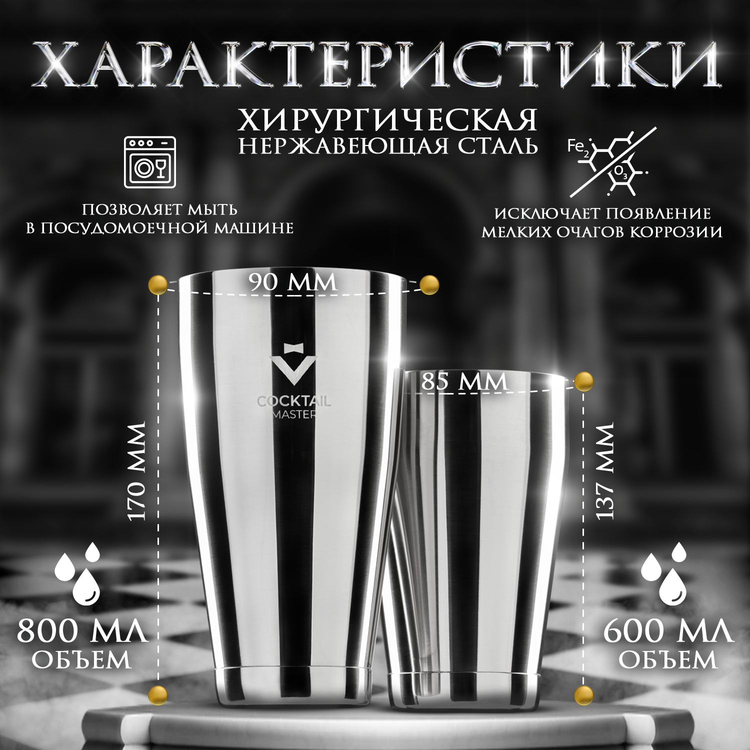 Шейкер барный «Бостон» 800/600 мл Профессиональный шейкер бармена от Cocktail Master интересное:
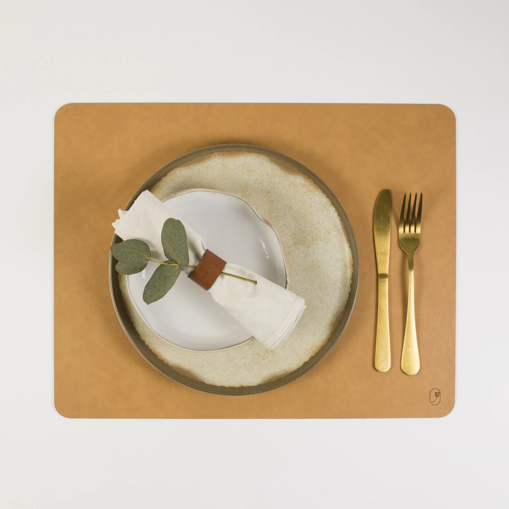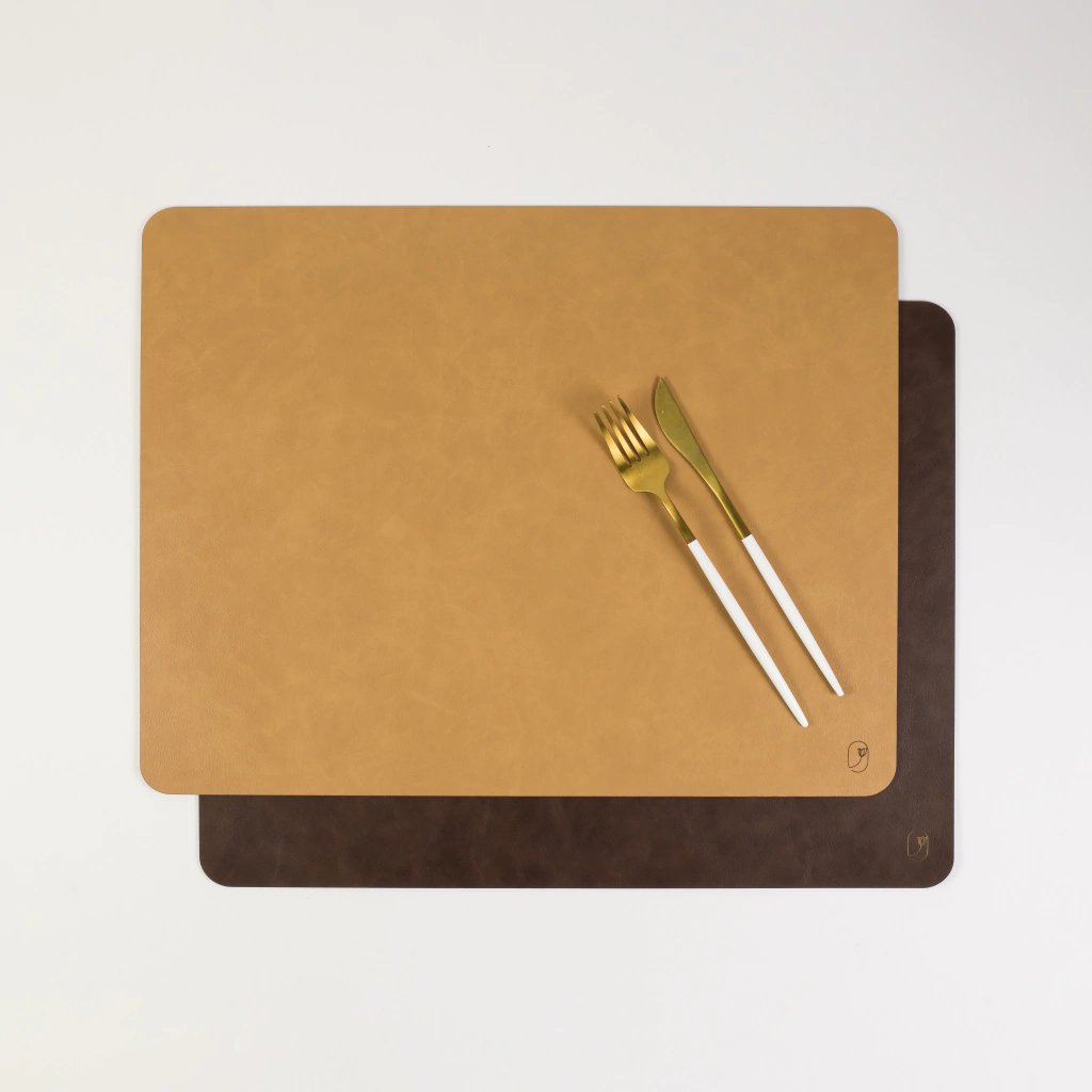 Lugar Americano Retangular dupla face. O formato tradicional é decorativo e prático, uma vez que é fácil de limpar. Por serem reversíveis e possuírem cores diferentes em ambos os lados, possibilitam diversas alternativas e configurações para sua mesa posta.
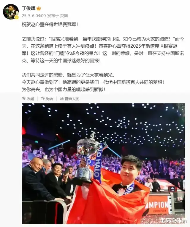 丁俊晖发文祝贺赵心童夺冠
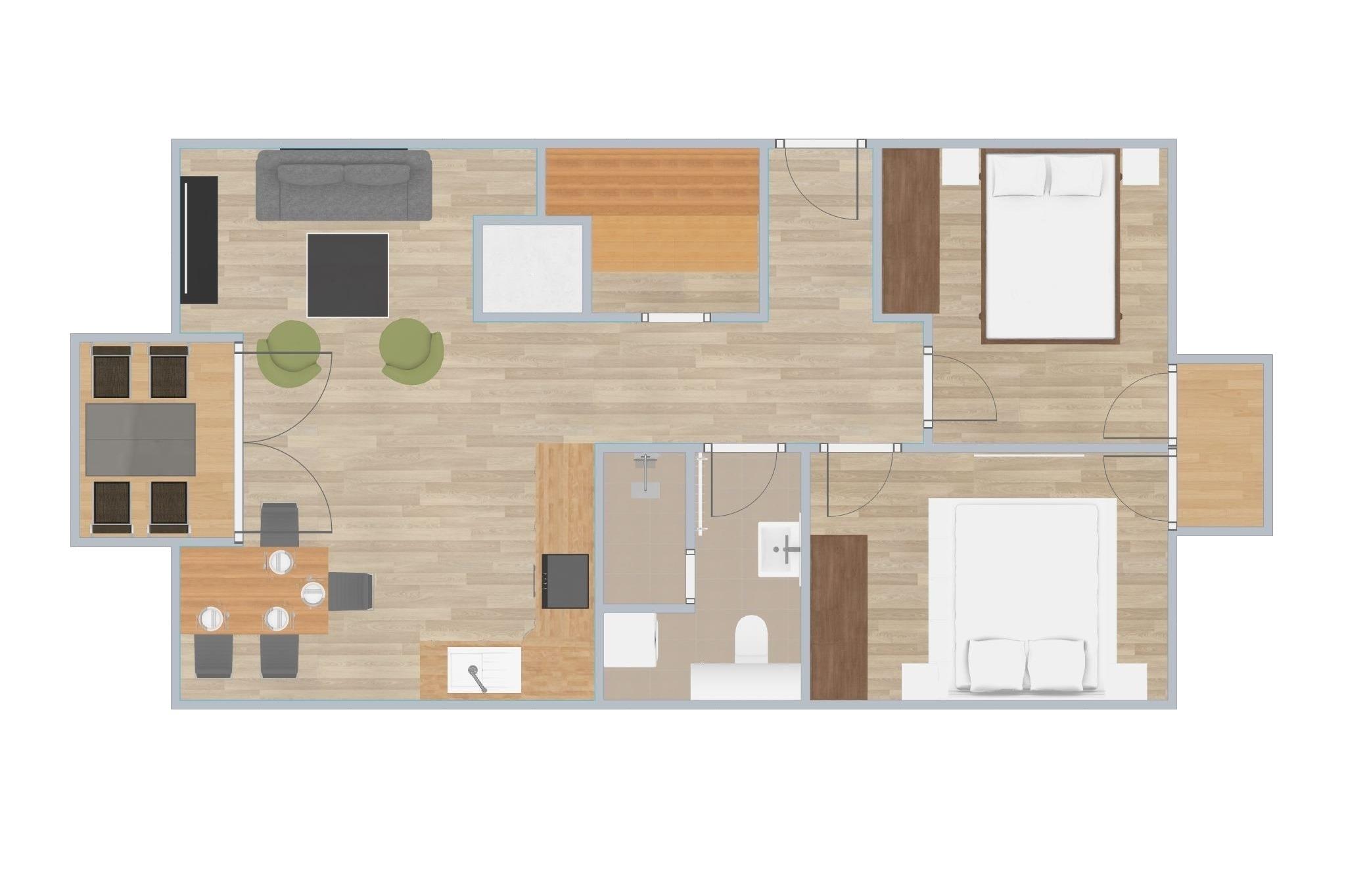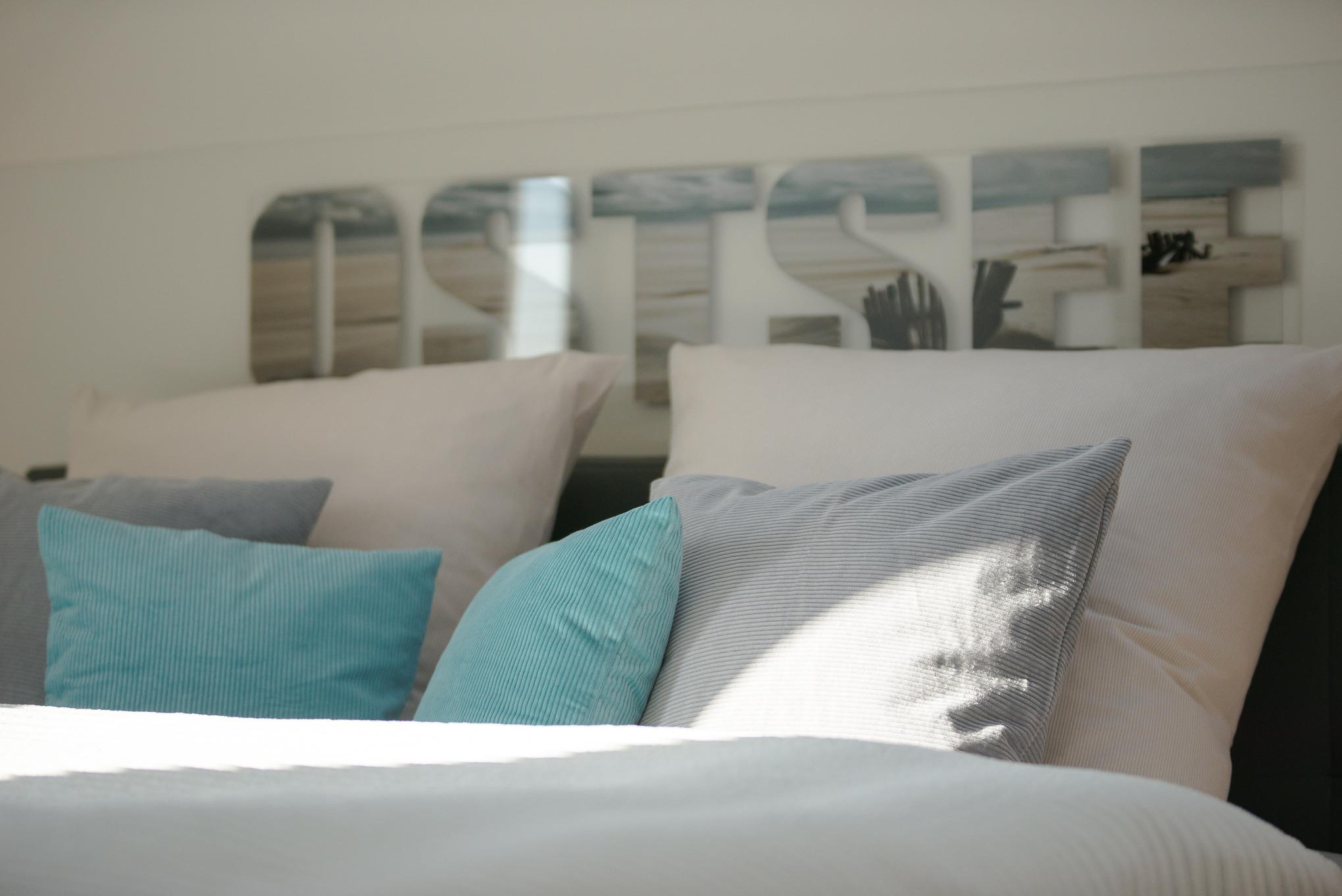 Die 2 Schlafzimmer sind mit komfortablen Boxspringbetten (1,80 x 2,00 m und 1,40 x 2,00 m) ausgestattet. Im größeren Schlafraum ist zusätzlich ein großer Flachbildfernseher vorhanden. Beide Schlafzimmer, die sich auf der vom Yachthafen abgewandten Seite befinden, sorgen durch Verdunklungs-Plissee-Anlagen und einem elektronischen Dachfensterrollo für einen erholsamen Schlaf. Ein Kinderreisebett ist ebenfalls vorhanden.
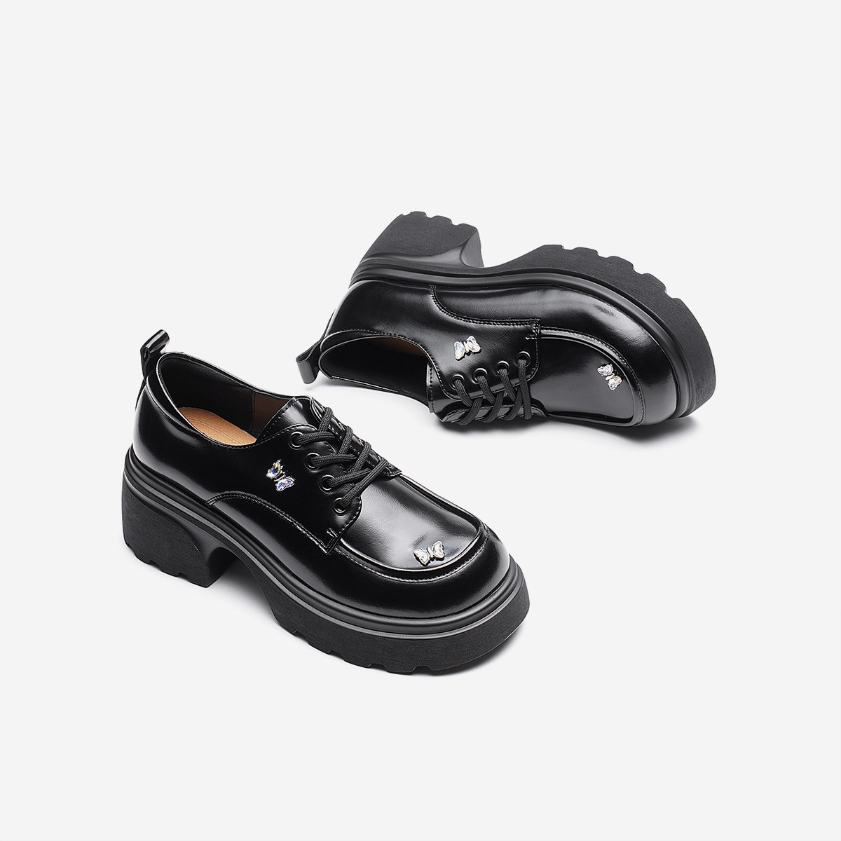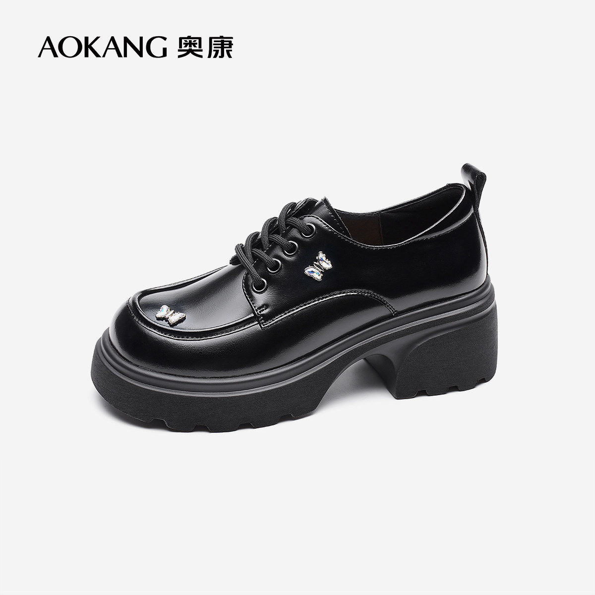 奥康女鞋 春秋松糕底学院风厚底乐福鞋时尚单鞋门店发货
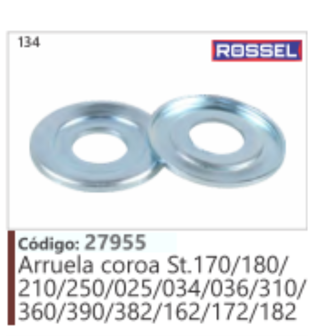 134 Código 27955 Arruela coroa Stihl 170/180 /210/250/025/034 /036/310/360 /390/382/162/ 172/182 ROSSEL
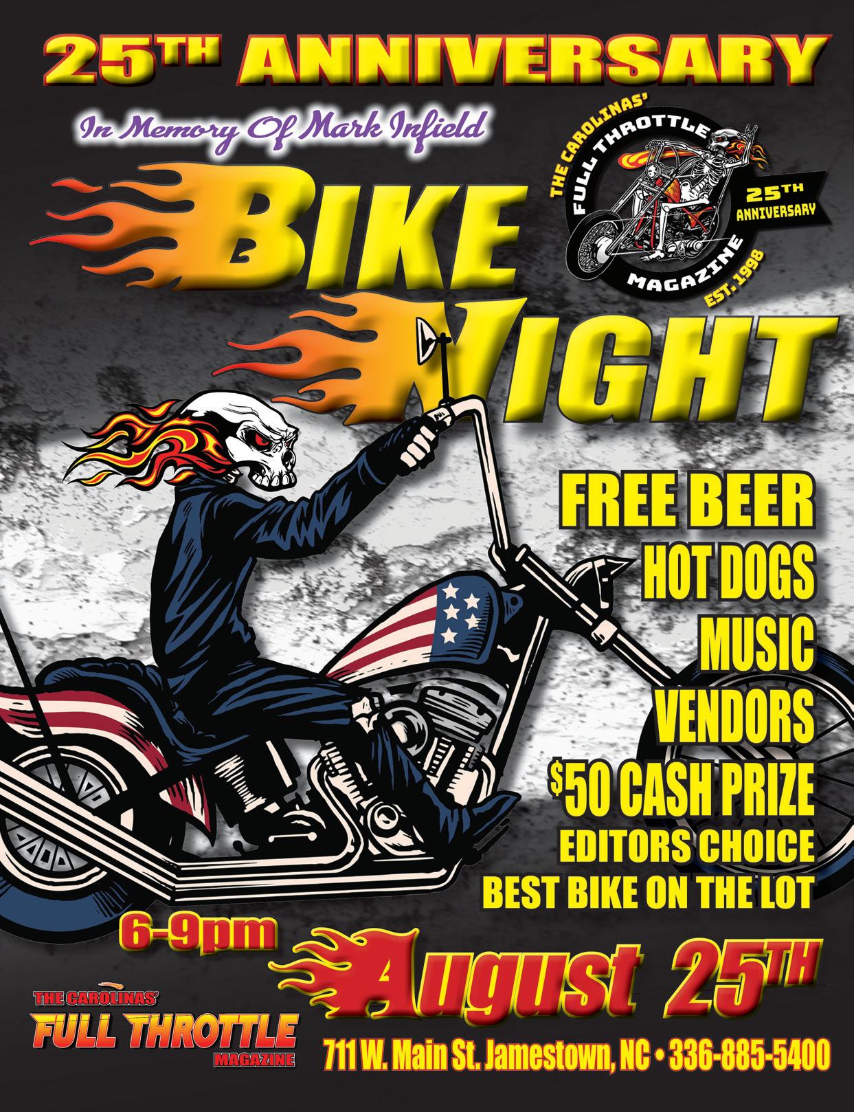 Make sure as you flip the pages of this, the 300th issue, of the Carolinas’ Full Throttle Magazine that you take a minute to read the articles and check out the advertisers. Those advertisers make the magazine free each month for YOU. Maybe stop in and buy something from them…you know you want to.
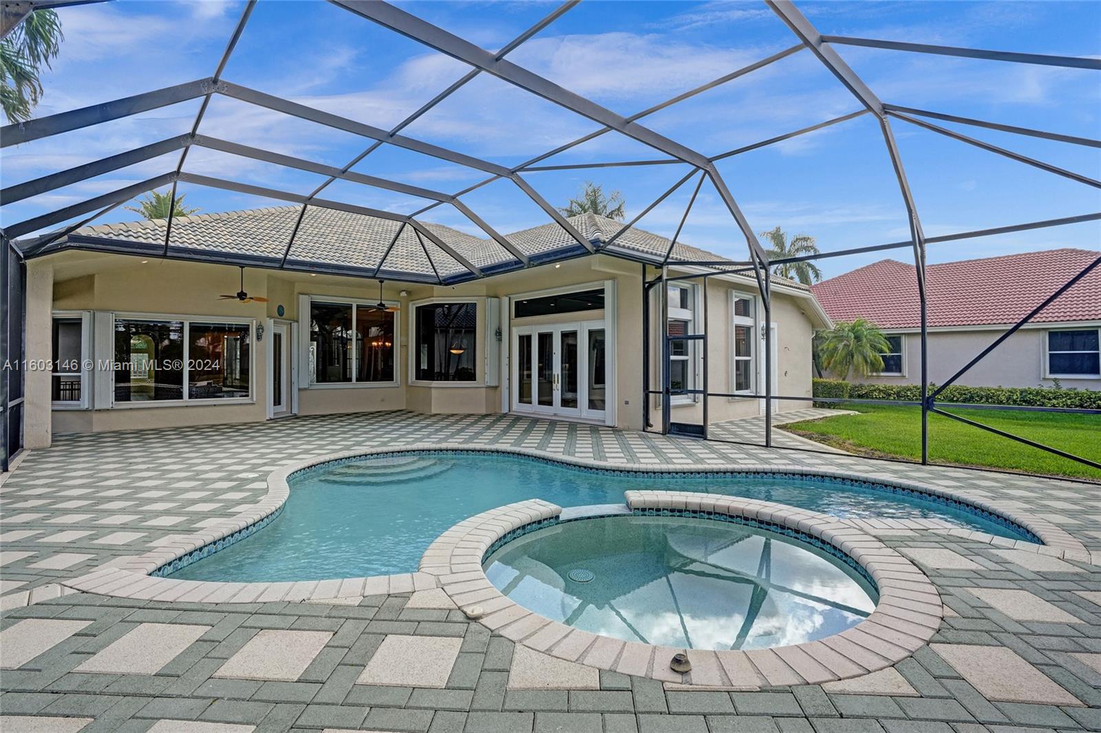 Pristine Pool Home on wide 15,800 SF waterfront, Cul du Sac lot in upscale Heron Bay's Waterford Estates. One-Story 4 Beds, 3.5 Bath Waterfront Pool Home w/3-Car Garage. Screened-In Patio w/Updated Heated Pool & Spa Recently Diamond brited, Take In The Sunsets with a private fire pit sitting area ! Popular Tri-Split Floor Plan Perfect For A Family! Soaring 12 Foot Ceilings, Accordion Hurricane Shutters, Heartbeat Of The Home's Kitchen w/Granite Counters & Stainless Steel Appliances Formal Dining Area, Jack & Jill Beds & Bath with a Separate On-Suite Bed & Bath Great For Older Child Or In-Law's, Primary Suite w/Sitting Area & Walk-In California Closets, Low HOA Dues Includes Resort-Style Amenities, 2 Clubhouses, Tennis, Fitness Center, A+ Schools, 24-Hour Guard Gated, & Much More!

━━━━━━━━━━━━━━━━━━━━

▶ ACTIVITY:
Each line from the one holding "Die 2 Schlafzimmer" through the last line of the records above must be duplicated exactly, and pictures must not be.

▶ YOUR RESPONSE:
 Die 2 Schlafzimmer sind mit komfortablen Boxspringbetten (1,80 x 2,00 m und 1,40 x 2,00 m) ausgestattet. Im größeren Schlafraum ist zusätzlich ein großer Flachbildfernseher vorhanden. Beide Schlafzimmer, die sich auf der vom Yachthafen abgewandten Seite befinden, sorgen durch Verdunklungs-Plissee-Anlagen und einem elektronischen Dachfensterrollo für einen erholsamen Schlaf. Ein Kinderreisebett ist ebenfalls vorhanden.
 奥康女鞋 春秋松糕底学院风厚底乐福鞋时尚单鞋门店发货
 134 Código 27955 Arruela coroa Stihl 170/180 /210/250/025/034 /036/310/360 /390/382/162/ 172/182 ROSSEL
 Make sure as you flip the pages of this, the 300th issue, of the Carolinas’ Full Throttle Magazine that you take a minute to read the articles and check out the advertisers. Those advertisers make the magazine free each month for YOU. Maybe stop in and buy something from them…you know you want to.
 Pristine Pool Home on wide 15,800 SF waterfront, Cul du Sac lot in upscale Heron Bay's Waterford Estates. One-Story 4 Beds, 3.5 Bath Waterfront Pool Home w/3-Car Garage. Screened-In Patio w/Updated Heated Pool & Spa Recently Diamond brited, Take In The Sunsets with a private fire pit sitting area ! Popular Tri-Split Floor Plan Perfect For A Family! Soaring 12 Foot Ceilings, Accordion Hurricane Shutters, Heartbeat Of The Home's Kitchen w/Granite Counters & Stainless Steel Appliances Formal Dining Area, Jack & Jill Beds & Bath with a Separate On-Suite Bed & Bath Great For Older Child Or In-Law's, Primary Suite w/Sitting Area & Walk-In California Closets, Low HOA Dues Includes Resort-Style Amenities, 2 Clubhouses, Tennis, Fitness Center, A+ Schools, 24-Hour Guard Gated, & Much More!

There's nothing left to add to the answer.